CAMP SPRINGS -- Dante Barnes is used to getting razzed by other kids when his Camp Springs Boys and Girls Club squad leads cheers at weekend football games.
"They keep on saying, 'A boy cheerleader, that's dumb,' " the 7 1/2 -year-old said recently. "They just laugh. I just go ahead and cheer. I don't ever care."
Dante and the eight girls on the squad showed their stuff at the annual boys and girls clubs state cheerleading competition at the University of Maryland earlier this month. A competition official said there were no records on male participation, but that in her 20 years with the organization, Dante was only the second boy she recalled competing in the traditionally all-girl event.
"He gets all the attention. He thinks it's fun. He likes it," said Dante's mom, Angela Philpott, 26, a former Friendly High cheerleader.
"He always likes to be the center attraction so it didn't bother him none," said Dante's grandmother Annette Barnes, who made her grandson a pair of burgundy shorts to match the skirts worn by the girls on his squad.
Ms. Barnes said she gave Dante this advice: "You can be what you want to be. Let people say what they want to say."

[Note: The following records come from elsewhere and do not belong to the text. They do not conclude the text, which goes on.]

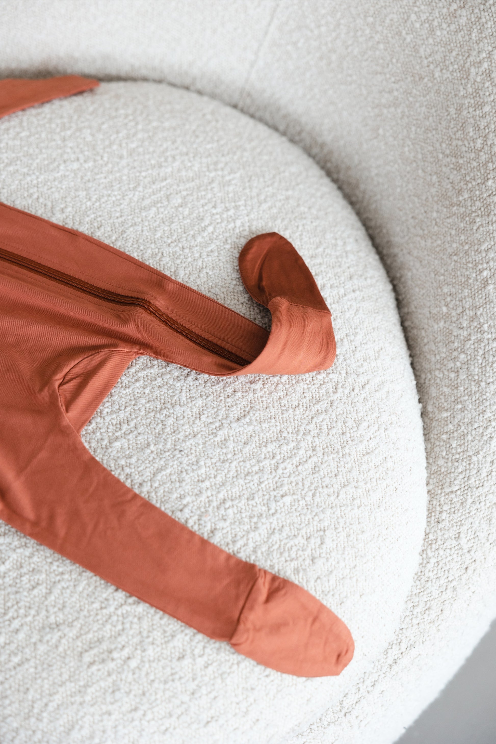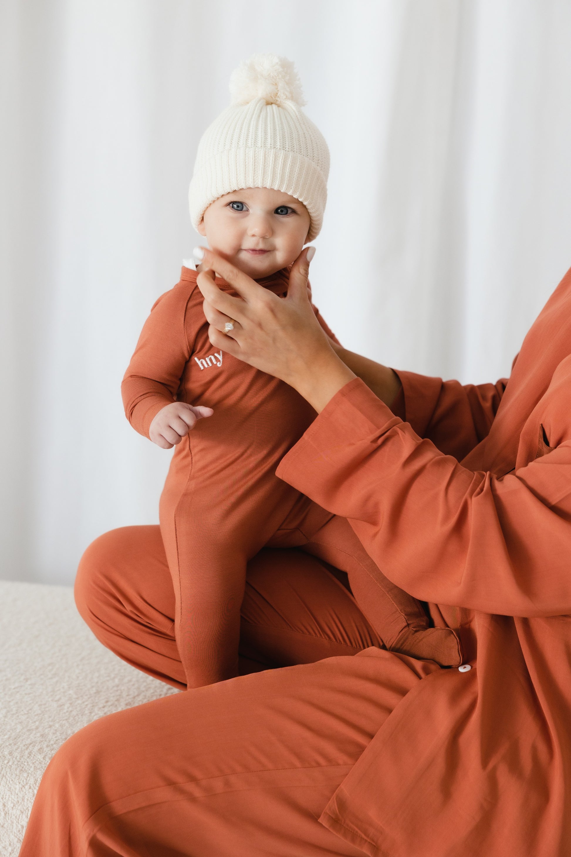 Bailey is one of our long-sleeve onesies for little hnys. It is the perfect addition to your little one's wardrobe. Our Bailey long-sleeve onesie is available in our exclusive Baked Clay and Brandy colours, allowing your little one to match Mum in style with our Alle set.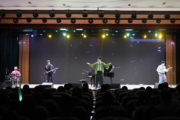 呈贡校区的展演则更添民族风韵与多元创意。醒狮表演率先登场,腾挪跳跃间,尽显传统文化的独特魅力,也拉开了这场才艺盛宴的序幕;合唱歌声清冽婉转,温情藏于每一段旋律中,为暖冬的校园添上了一抹治愈底色;弹唱表演深情款款,旋律中勾起青春共鸣;舞蹈各具特色,古典舞的婉约、民族舞的灵动,在舞台上交织成最美的风景线;小提琴、手风琴、钢琴联奏、民乐联奏等节目,让中西乐器碰撞出奇妙的音乐火花;更有轮滑、拉丁、K-pop舞等表演,将运动与艺术完美融合,展现出学子们的蓬勃朝气。展演尾声,《开一朵莲花》的合唱缓缓响起,歌声中承载着民附学子的集体向心力与深厚同窗情,为本次达人秀活动奏响了完美终章。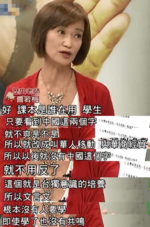 台湾的历史老师曹若梅则针对新课纲中的高中历史课程“重点思路”发表感慨:这根本就是“台独”意识的培养!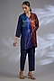 Featuring a blue asymmetrical kurta in dupion silk base. It is paired with pants. Style it with statement earrings, soft curls and block heels, perfect for festive gatherings or a polished office wear.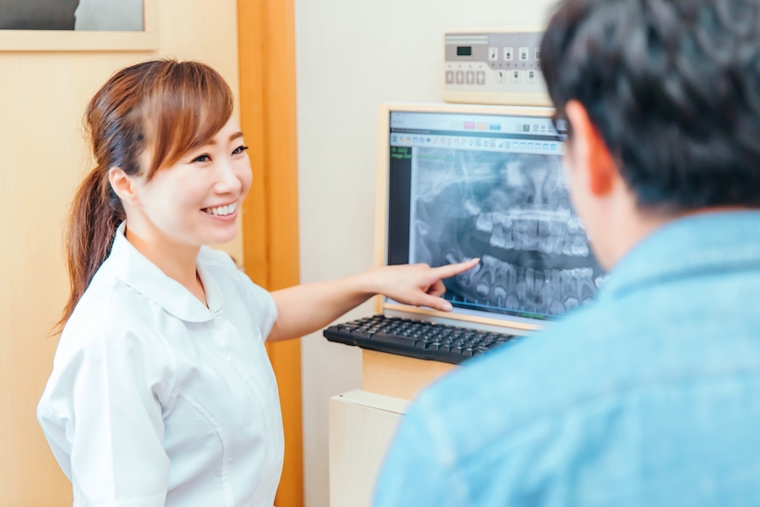 インプラント治療は人工歯根を顎の骨に埋入するための外科手術を行うため、この治療前の検査は非常に重要。健康状態はもちろんのこと、口腔内の状態なども細かく確認していきます。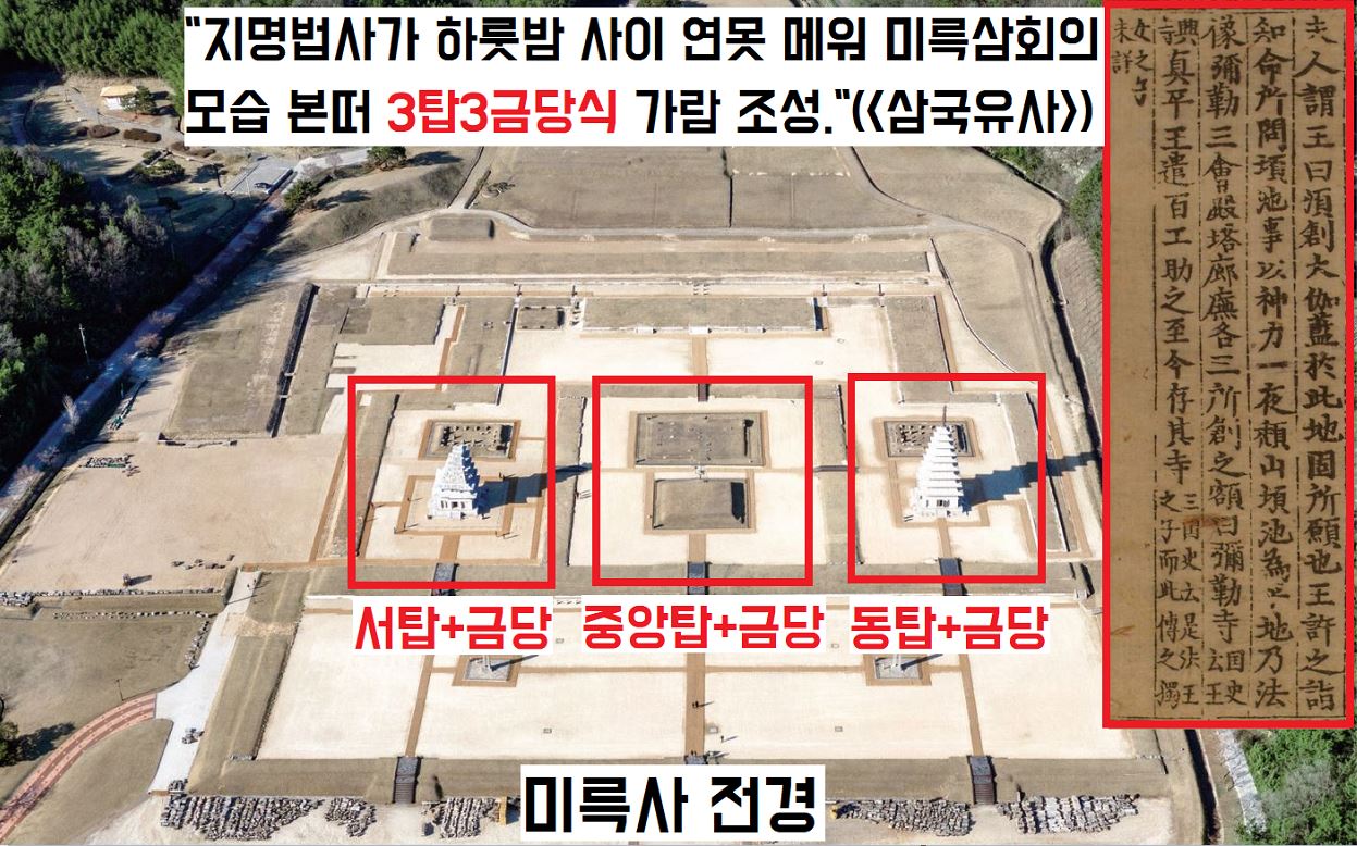 그것을 뒷받침하듯 미륵사는 ‘중앙탑+강당’, ‘서탑+강당’, “동탑+강당” 등 3탑3강당으로 조성된 것이 확인됐구요. 연못과 같은 습지에 조성되어 있다는 것도 확인됐습니다.

Ms. Philpott said Dante got involved in cheerleading because his 6-year-old cousin was doing it. Dante helped her learn the cheers and then was recruited to the squad by Mae McKoy, cheerleading commissioner for the Camp Springs club.
Last year, Dante participated in soccer and cheerleading through the club. But this year, a doctor prohibited Dante, an asthmatic, from playing soccer. So instead, he leads the cheers for the club's football team, the Tigers.

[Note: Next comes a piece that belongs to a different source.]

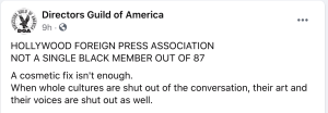 It started on Friday when, once again, social media was all over the HFPA about their lack of Black membership as celebrity after celebrity, many of whom have won Globes themselves, called out the HFPA and TimesUpped their asses. Here’s one example among many.

"One reason I like cheerleading is because it's fun," said Dante, a second-grader at Middleton Valley Elementary School in Temple Hills.
Ms. McKoy said she has encouraged other boys to try cheerleading but has been unsuccessful. She said it was important to "break down the male concept that cheerleading and ballet is strictly for girls."
"I thought that maybe he could set the example," Ms. McKoy said. "I've had some boys that said, 'Hmmm, I might do it.' But then the fathers come along and say, 'Oh, no, not my son.' "
Initially, Dante's dad "was like, 'No, uh-uh,' " Ms. Philpott said, but he eventually relented.
When Dante does occasionally get fed up with cheerleading, it's not because of gender stereotyping. It's the decibel level that he has to generate.
"One night, I came home with a sore throat," he said.